Think of it as the "Cliffs Notes" for commuters. The Metropolitan Transportation Authority can crank out more than 1,000 pages of reports a month, but its Permanent Citizens Advisory Committee is pushing to make things a little easier for straphangers who want to know the ins and outs of the agency, or just if their trains run on time.

"For those of us that have to read those 1,000 pages every month, you can still come away not understanding how the agencies are doing," said Ellyn Shannon, a senior transportation planner for the PCAC. "This is a tool that can help people quickly understand where the problems are and where the strengths are."

In a new report, "The MTA In The Age Of Big Data," the PCAC recommends creating shorter, more user-friendly reports or apps that could allow New Yorkers to more easily track their subway or bus line's on-time record, construction costs or years of financial data.

Such tools, the report says, would make it that much easier to cut through the information overload put out every month by the MTA.
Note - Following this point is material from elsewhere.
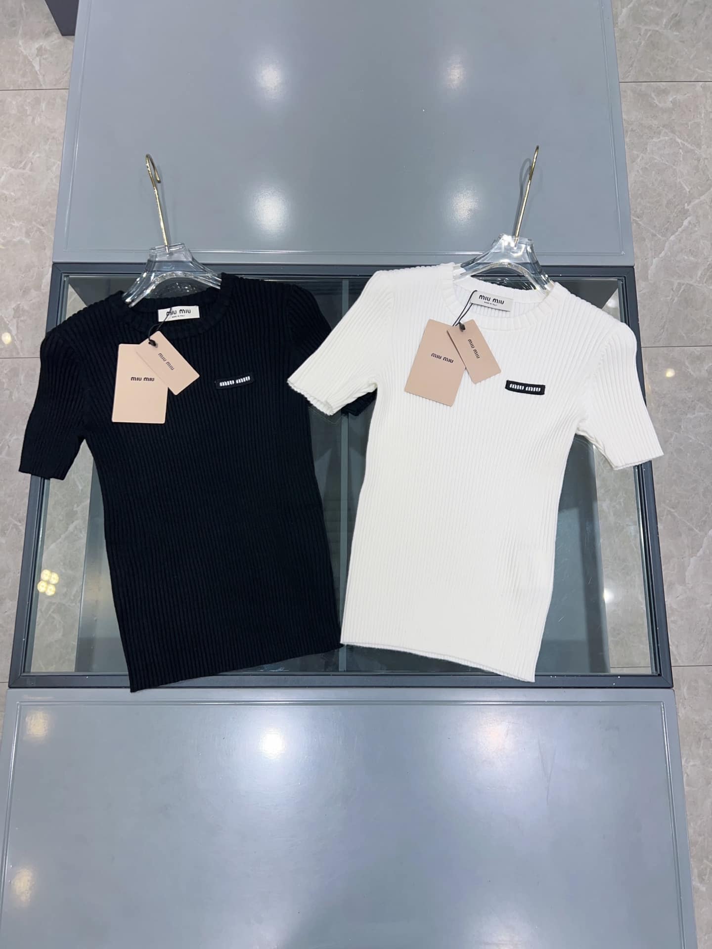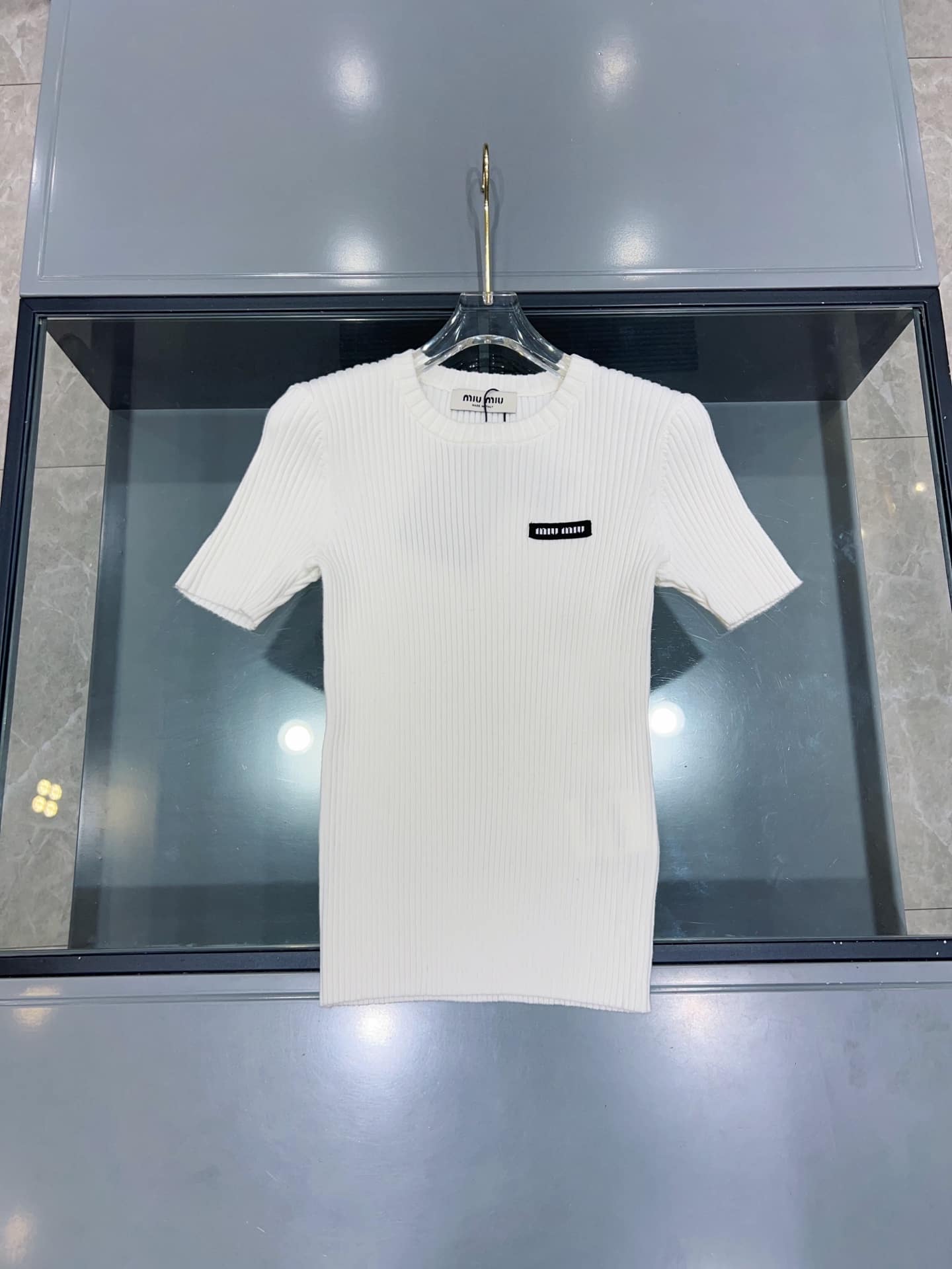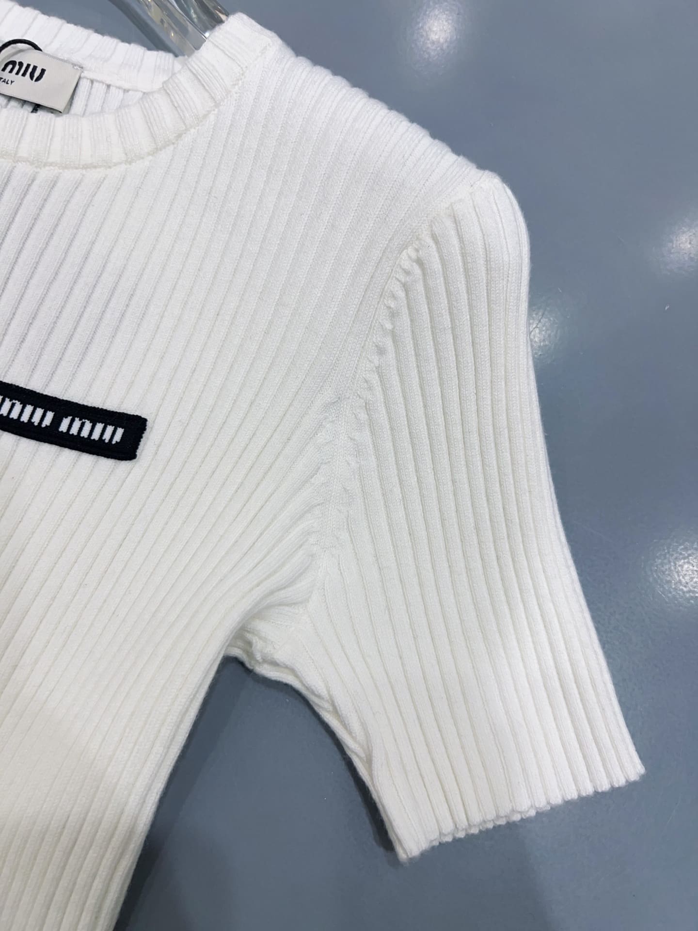“[미우미우] 로고 패치 립드 티셔츠 (2 COLORS)”의 첫 상품평을 남겨 주세요 응답 취소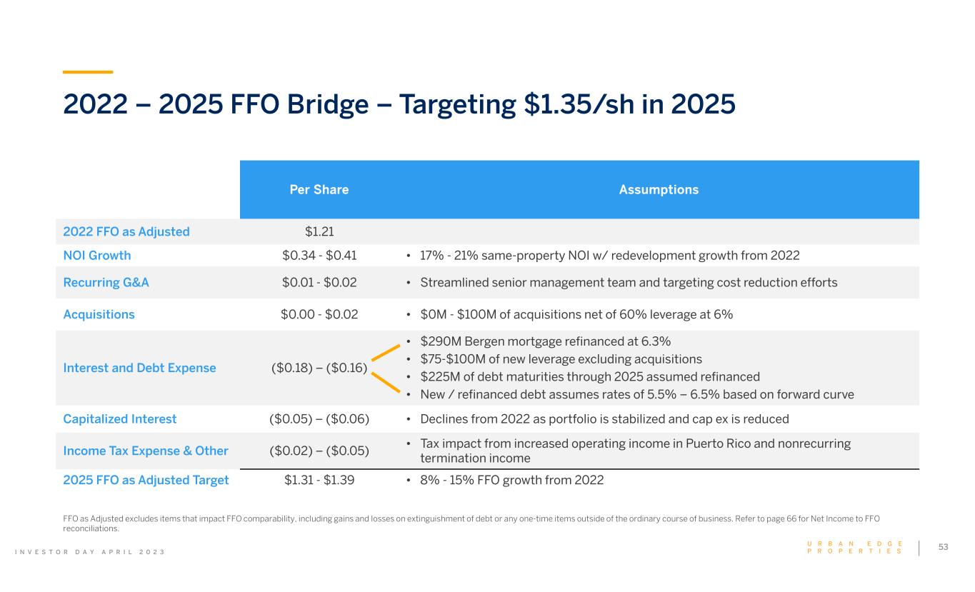 I N V E S T O R D A Y A P R I L 2 0 2 3 U R B A N E D G E P R O P E R T I E S 53 2022 – 2025 FFO Bridge – Targeting $1.35/sh in 2025 AssumptionsPer Share $1.212022 FFO as Adjusted • 17% - 21% same-property NOI w/ redevelopment growth from 2022$0.34 - $0.41NOI Growth • Streamlined senior management team and targeting cost reduction efforts$0.01 - $0.02Recurring G&A • $0M - $100M of acquisitions net of 60% leverage at 6%$0.00 - $0.02Acquisitions • $290M Bergen mortgage refinanced at 6.3% • $75-$100M of new leverage excluding acquisitions • $225M of debt maturities through 2025 assumed refinanced • New / refinanced debt assumes rates of 5.5% – 6.5% based on forward curve ($0.18) – ($0.16)Interest and Debt Expense • Declines from 2022 as portfolio is stabilized and cap ex is reduced($0.05) – ($0.06)Capitalized Interest • Tax impact from increased operating income in Puerto Rico and nonrecurring termination income ($0.02) – ($0.05)Income Tax Expense & Other • 8% - 15% FFO growth from 2022$1.31 - $1.392025 FFO as Adjusted Target FFO as Adjusted excludes items that impact FFO comparability, including gains and losses on extinguishment of debt or any one-time items outside of the ordinary course of business. Refer to page 66 for Net Income to FFO reconciliations.

"The decision-makers and the elected officials and the riders can start to understand, even on a local level," Shannon said. "Why is my station having such problems and where am I on the spectrum?"

The MTA, which posts its budgets and reports to its website, supports the recommendation to make its transparency efforts even clearer.

"The more information you have, the more information you can use," said Trudy Mason, a representative for the New York City Transit Riders Council.

However, the MTA said there is no timetable for its completion.